Personal information
- Full name: Ernesto Góchez Lovo
- Date of birth: September 14, 1976 (age 49)
- Place of birth: San Salvador, El Salvador
- Height: 1.73 m (5 ft 8 in)
- Position: Midfielder

Team information
- Current team: El Salvador (Administrative Director)

Youth career
- Colegio San Francisco
- 1994–1995: Atlético Marte Reserves

Senior career*
- Years: Team / Apps / (Gls)
- 1995–2001: Atlético Marte
- 2001–2005: FAS
- 2006: Alianza
- 2006: Chalatenango
- 2007–2008: San Salvador FC
- 2008–2009: Águila

International career
- 1999–2004: El Salvador / 18 / (1)

Managerial career
- 2014-2016: El Salvador (Coordinater)
- 2016-2017: Sonsonate (assistant/interim coach)
- 2018: El Salvador under-20
- 2018–2021: El Salvador under-17
- 2021: Atlético Marte (assistant coach)
- 2022: Marte Soyapango
- 2023: FAS (Sporting Director)
- 2024-Present: El Salvador (Administrative Director)

= Ernesto Góchez =

Salvadoran footballer (born 1976)

Ernesto Góchez Lovo (born September 14, 1976) is a former Salvadoran professional footballer.

==Club career==
An attacking midfielder, Góchez's started his professional career at Atlético Marte and it spanned fourteen years while also playing top flight football for C.D. Águila, C.D. FAS, Alianza F.C., C.D. Chalatenango and San Salvador F.C.

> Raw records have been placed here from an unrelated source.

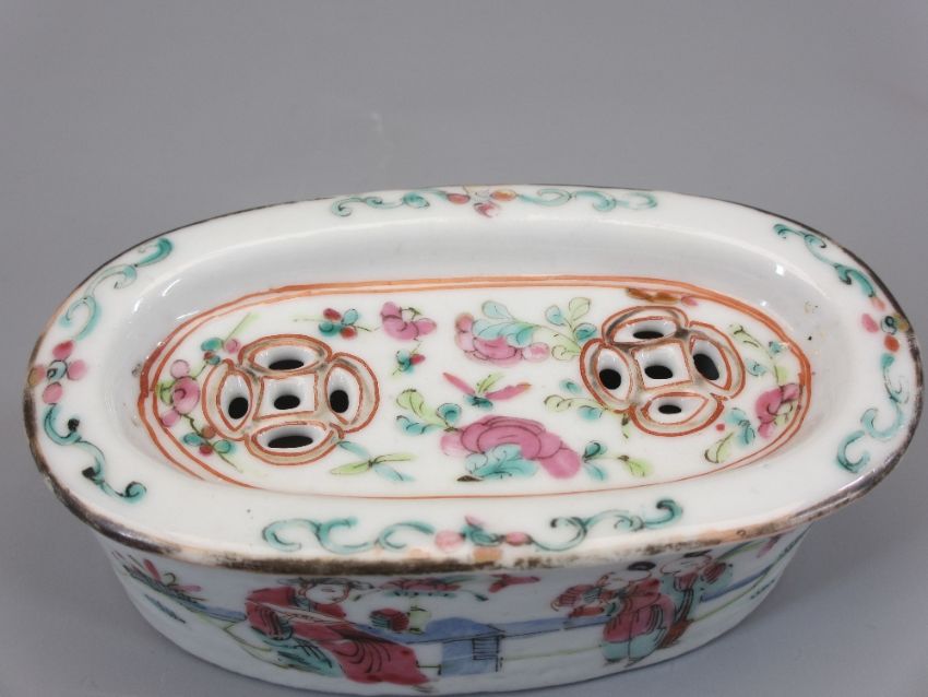 LATE 18TH/EARLY 19TH CENTURY OVAL FAMILLE ROSE POT - with pierced cover, 12 x 7cms having figural and floral decoration (slight chip to rim underneath at one end)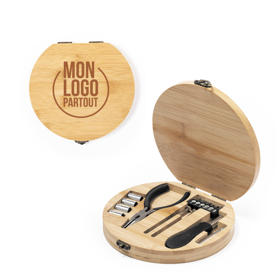 Craquez pour notre set de bricolage publicitaire, composé de 15 accessoires pratique pour un dépannage rapide. Personnalisez la boîte en bambou aux couleurs de votre entreprise.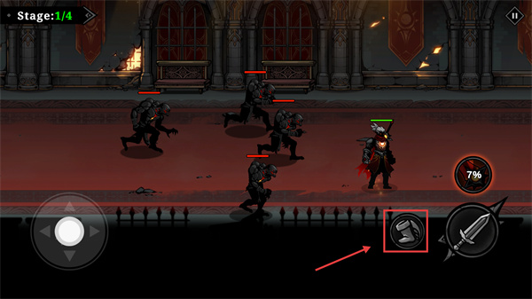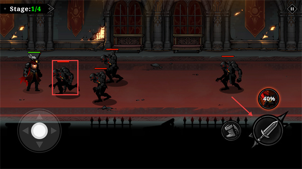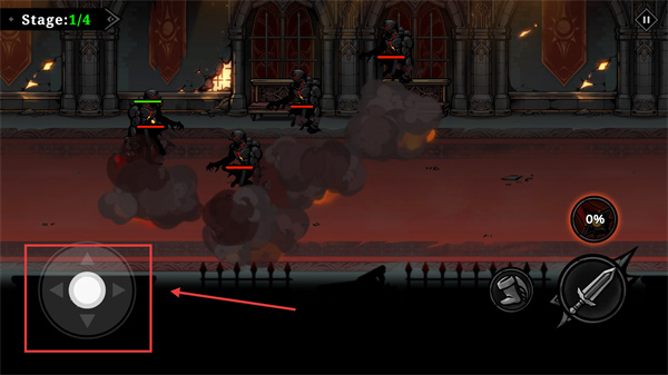 2、在【Stage:1/4】關(guān)卡中,通過(guò)左側(cè)方向按鈕操控角色移動(dòng),調(diào)整站位以應(yīng)對(duì)敵方單位的包圍。

In 2001, Góchez wanted to leave his first club, Atlético Marte, for Águila, only to see his move blocked by Marte who quickly responded by selling him to rivals FAS.

==Coaching career==
Góchez was assistant to Argentinean coach Ramiro Cepeda and reserve team coach at Atlético Marte, until being dismissed in September 2009.

In December 2018, Góchez was confirmed as new coach of the El Salvador under-17.

Gochez was hired as the sporting director FAS on 2023. However due to disagreement with the board and lack of support, he ended up resigning

==International career==
Góchez made his debut for El Salvador in a March 1999 UNCAF Nations Cup match against Honduras and has earned a total of 18 caps, scoring 1 goal. He has represented his country in 3 FIFA World Cup qualification matches and at the 1999 UNCAF Nations Cup

His final international was an August 2004 FIFA World Cup qualification against Panama.

===International goals===
Scores and results list El Salvador's goal tally first.

| # | Date | Venue | Opponent | Score | Result | Competition |
|---|---|---|---|---|---|---|
| 1 | 12 May 2004 | Robertson Stadium, Houston, United States | Haiti | 1–2 | 3–3 | Friendly match |

He currently acts as an official of the El Salvador national under-20 football team.